La Güera was effectively occupied in 1920. Initially a separate colony, it was annexed to the Río de Oro in 1924. After the 1886 Adrar Expedition of Julio Cervera, Francisco Quiroga and Felipe Rizzo, Spain unsuccessfully claimed rights to the territory of Adrar, which after the Treaty of Paris came under the sovereignty of the French colony of Mauritania. In the Spanish-French agreement of 1904 both nations recognized Spanish sovereignty from the Massa River to the north and Cape Blanco to the south. In 1912 the Treaty of Fez between France and Spain recognized the limits and Spanish sovereignty of the Spanish Sahara colony, Ifni, and the Spanish protectorate of Morocco and the French sovereignty of the French protectorate of Morocco.

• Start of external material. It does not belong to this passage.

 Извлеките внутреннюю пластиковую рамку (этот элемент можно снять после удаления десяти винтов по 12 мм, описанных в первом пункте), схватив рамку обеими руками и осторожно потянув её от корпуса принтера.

1938ː Foundation of El Ayoun
In 1934 Commander Antonio de Oro and Captain Galo Bullón Díaz reached the surveillance post of the Izarguien el Hamra, and in 1938 they founded the fixed military establishment of El Aaiún, which in 1940 was officially designated the capital city of Spanish Sahara to the detriment of Villa Cisneros.
1957ː Ifni-Sahara War
In 1958 the administrative system of the grouping of Spanish colonies in Spanish West Africa was abandoned. The Spanish Sahara became a Spanish province.
Until the Cintra agreements (April 2, 1958), the concrete and pragmatic limit of Western Sahara (and then Spanish Sahara) was given by the bed of the Draa river; that is to say, it included the Tarfaya strip, which at that time was handed over to the emirate of Morocco.

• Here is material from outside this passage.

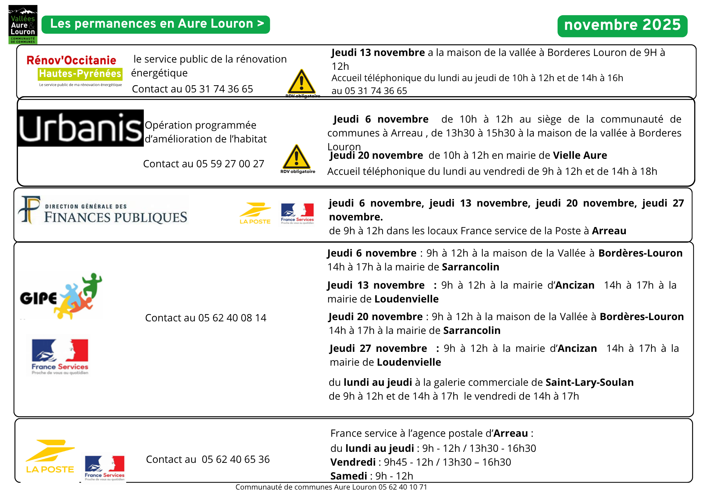 Les permanences en Novembre 2025 : DDFIP, Renov'Occitanie, OPAH, France Services, Maison du travail saisonnier, CIDDF, Mission Locale, Accompagnement social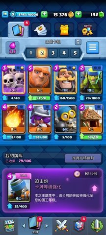 推荐原因:圣水消耗量少,有攻有防,如果对面选择的是高耗率卡牌的话,完全可以打他一个措手不及,并且卡牌容易集齐。缺点是,容易被女武神这种英雄压制,并且生命力低。

In 1962, the INI began prospecting in Bucraa for the exploitation of the fabulous phosphate deposit discovered in 1958 by the geologist Manuel Alía Medina. In addition, the construction of a kilometer conveyor belt was undertaken for the export of mineral by sea through the El Marsa loading dock.
In 1967 Basiri settled in Smara as a Koranic teacher, fleeing the Moroccan authorities for his Sahrawi nationalist speech in the newspaper Al-Shihab (The Torch), whose foundation had promoted. On December 11, 1969 he founded the clandestine nationalist and independence political party Advanced Organization for the Liberation of Saguia el Hamra and Río de Oro or Liberation Movement (Harakat Tahrir in Arabic). He was extrajudicially executed following the 1970 Zemla protests.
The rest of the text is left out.